Les architectes français, bétonneurs sans grâce

Durée de lecture : 6 minutes

7 décembre 2008 / Denis Baupin



Paris voudrait, paraît-il, des tours hautes. Mais les architectes qui y réfléchissent oublient qu’au XXIe siècle, on ne peut penser la ville hors changement climatique et écologie.

Début décembre étaient conviées à l’Hôtel de Ville la dizaine d’équipes d’architectes et urbanistes chargés par Sarkozy de réfléchir au Grand Paris. Evénement en tant que tel – que tous ces grands noms soient présents ensemble à l’Hôtel de Ville – mais exercice finalement assez décevant tant les propos restèrent conformistes.

Au titre de ma délégation [de Conseiller de Paris] (développement durable, environnement, plan climat), j’étais convié à m’exprimer aux côtés de mes collègues Anne Hidalgo (urbanisme), Pierre Mansat (Paris métropole), Christian Sautter (économie), Jean-Louis Missika (innovation), Annick Lepetit (déplacement).
Les équipes devant planché, dans le cadre de la feuille de route donnée par le Président de la République, sur leur conception de la « ville post Kyoto » [post-protocole de Kyoto sur le changement climatique], on aurait pu penser que mon intervention évoquant la ville post pétrole, les ruptures en cours (économiques, énergétiques, écologiques), la nécessaire sobriété, la robustesse des territoires face aux crises (robustesse écologique, sociale, économique), la responsabilité vis-à-vis des générations futures, les éco-quartiers plutôt que le gigantisme et le gaspillage, les trames vertes pour favoriser la biodiversité et la résistance aux épisodes climatiques extrêmes (canicules) auxquels réfléchissent toutes les grandes villes du monde, les énergies renouvelables pour diminuer la dépendance pétrolière, les circuits courts pour tisser un nouveau lien ville-campagne, la logistique urbaine pour alimenter la ville de façon plus écologique etc., et osant poser la question « le périphérique : vaut-il mieux le cacher derrière des murailles ou le transformer ? » ... ne soit pas forcément plébiscitée, mais qu’elle rencontre au moins des préoccupations partagées, déjà réfléchies par ces équipes.

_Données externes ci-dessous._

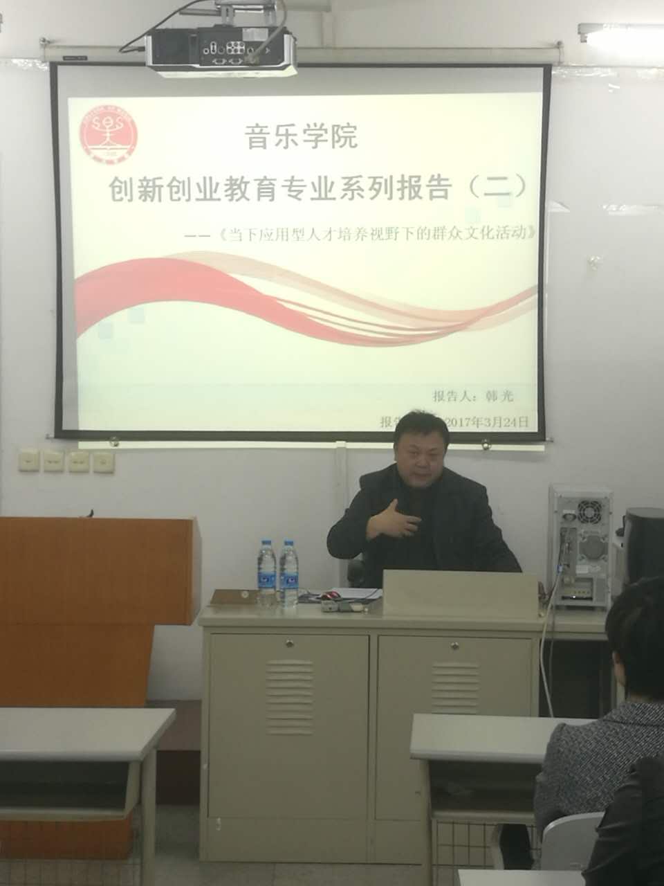 本场讲座,韩光馆长主要针对群众文化的概念、作用、优势及前景等方面做了详细的阐述。在谈到群众文化的概念及作用时,韩光馆长首先将专业培养与业余群众文化做了区分,他指出群众文化活动应面对的人群是所有人,要根据不同群众的特点来做专业辅导,深入浅出、以鼓励为主,要让学员每次参加辅导后都有信心,最终使人们通过参加群众文化活动的方式来提高生活幸福感。其次,韩光馆长通过自身农村工作经历来举例说明群众文化活动的重要性,并鼓励大学们毕业后能够积极地从事群众文化工作。

Je ne me faisais certes pas d’illusions ! Au vu des mines contrites de mes collègues élus, j’ai eu sans surprise la confirmation que de telles grilles d’analyse n’étaient toujours pas partagées, dérangeaient. Mais à écouter un Castro (qui entama ses propos d’un « Ouf, on n’est plus en période d’élection, on peut se lâcher, il n’est plus interdit de critiquer Baupin ! »), visiblement toujours nostalgique de la ville livrée à l’automobile des années 80 , ou un Nouvel qui se prétend écologiste (sic) « mais pas comme Baupin ou Contassot », je ne peux m’empêcher de penser : « Décidement, le vieux monde a du mal à laisser place au nouveau ».

Quel dommage pourtant, que tant d’intelligences réunies débouchent sur si peu d’innovation, si peu d’audace. Qu’un Cantal-Dupart (membre de l’équipe Nouvel) ose dire : « Mais quand Paris se décidera-t-il à faire de l’urbanisme, à penser aux gens avant les formes », que des équipes osent dire (quelle audace dans les salons de l’Hôtel de Ville !) qu’il faut arrêter de penser chaque territoire de l’Ile-de-France uniquement dans son rapport à Paris, donne un peu d’air frais… mais quelle déception quand cela se termine inévitablement par la construction d’une tour Nouvel au centre de Paris ! Le Sdrif [Schéma direction de la région Ile-de-France] honni est pointé du doigt : il ose proposer qu’on densifie la petite couronne, risquant de noyer la grandeur de Paris (« Comme Notre-Dame, pas assez haute, est noyée par les bâtiments voisins ») et c’est pour ça que c’est au centre qu’il faudrait construire toujours plus haut ! A les entendre, on finirait par croire que le passage du « petit Paris » au « grand Paris » ne sera pas territorial mais vertical !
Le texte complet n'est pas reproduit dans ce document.